First post and lloking forward to coming back often. I need to add a short lenght of railing, about 3 feet, to aluminum siding. Wondering what kind of railing and how to attach. Nothing fancy. Its for insurance purposes.


----------



## inspectorD (Apr 7, 2009)

Where is this attaching to besides the siding? 
A concrete front porch stoop, deck, landscaping area with a wall?
My preference is to use 4x4 posts bolted to whatever the base is. Any pressure treated lumber cannot be attached to aluminum...it will eat it away from the copper treatment in the wood.

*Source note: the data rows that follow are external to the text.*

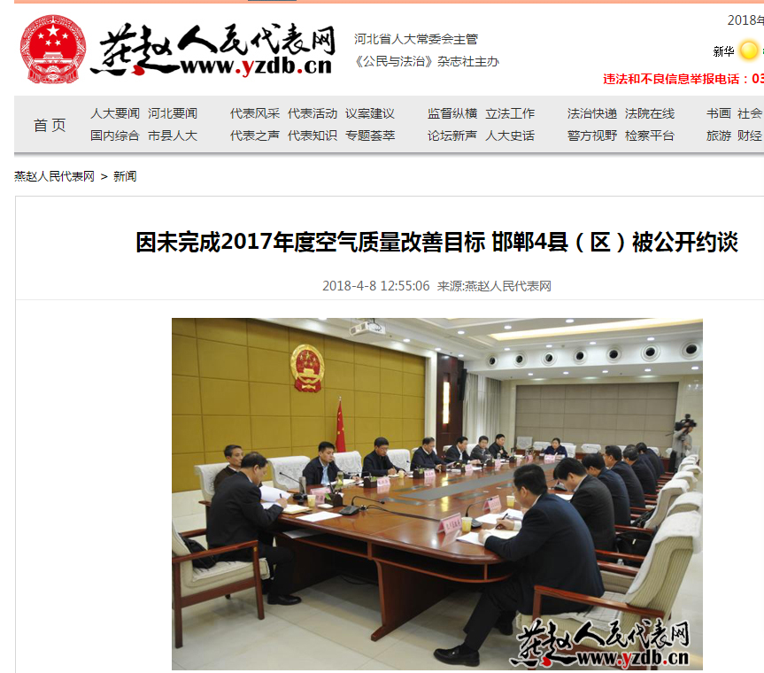 燕赵人民代表网:因未完成2017年度空气质量改善目标 邯郸4县(区)被公开约谈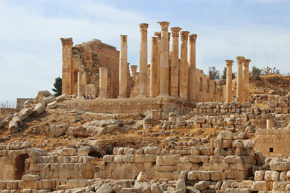 Desayuno. Salida hacia la frontera terrestre entre Israel y Jordania. Llegada a Reino Hashemita de Jordania. Asistencia y trámites de visado, Salida hacia Jerash, una de las ciudades más completas y mejor conservadas del Imperio Romano conocida como Pompeii del este, lo cual indica el gran ejemplo de la urbanización romana. Un recorrido por el tiempo a través de sus calles, teatros, templos y plazas entre los que destaca la gran columnata, el arco del triunfo, la plaza ovalada y los templos de Zeus y Artemisa. Salida hacia Amman, Visita de la ciudad, conocida antiguamente como Filadelfia: tour del centro de la ciudad con su Teatro Romano, Ciudadela, mercados tradicionales (souqs), iglesias y mezquitas, como la Mezquita Azul del Rey Abdullah cerca del Parlamento. (La entrada al Teatro Romano, la Ciudadela y la Mezquita Azul del Rey Abdullah no está incluida). Luego diríjase a la nueva ciudad moderna con sus barrios residenciales. Cena y alojamiento.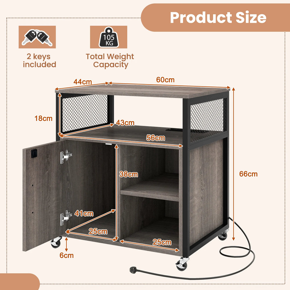File Cabinet on Wheels with Charging Station and Cable Management Hole-Grey

Sometimes you can get metal railings for front porch stoops premade from the local lumber yard.


----------



## crocket (Apr 7, 2009)

Concrete steps run parallel to the house. After 10 years the insurance company wants a railing. When you go down the 3 steps you are actually walking along side the wall which is sided in aluminum. Seems like it would be a big project to attach anything to the outsie of steps which are are concrete and old. Thank you for your input.


----------



## inspectorD (Apr 7, 2009)

You could install an aluminum handrail screwed into the siding. It may have to be ordered. Also a metal railing for the outside can also be ordered from any lumber yard.
My opinion is to go talk to your local lumber yard and ask what they recommend.
Bring a picture, it will help.


----------



## crocket (Apr 7, 2009)

Aluminum railing ssounds like exactly what I need. Will it hols strong to the wall going thoough the siding. Old house, don't know whats under the siding.
Thanks again.


----------



## tlcww (Apr 8, 2009)

You will probably have to locate the support studs and then
mount your rails to those.


----------



## crocket (Apr 8, 2009)

How can the studs be found underneath the siding?


----------



## tlcww (Apr 8, 2009)

You may have to peel back a course of the siding to 
peak in and see how the structure is supported.
(Where the studs are located , how they are configured etc...)

I've worked with vinyl siding mostly...
And that's pretty easy to unzip by lifting the bottom section of 
a course of siding OUT of the 
'receiving end' of the section just below it.
You should then be able to see the support structure
and determine where to mount the rails into the studs. 

Dose that make any sense?

A picture would be a big help so other can see what your trying to describe.


----------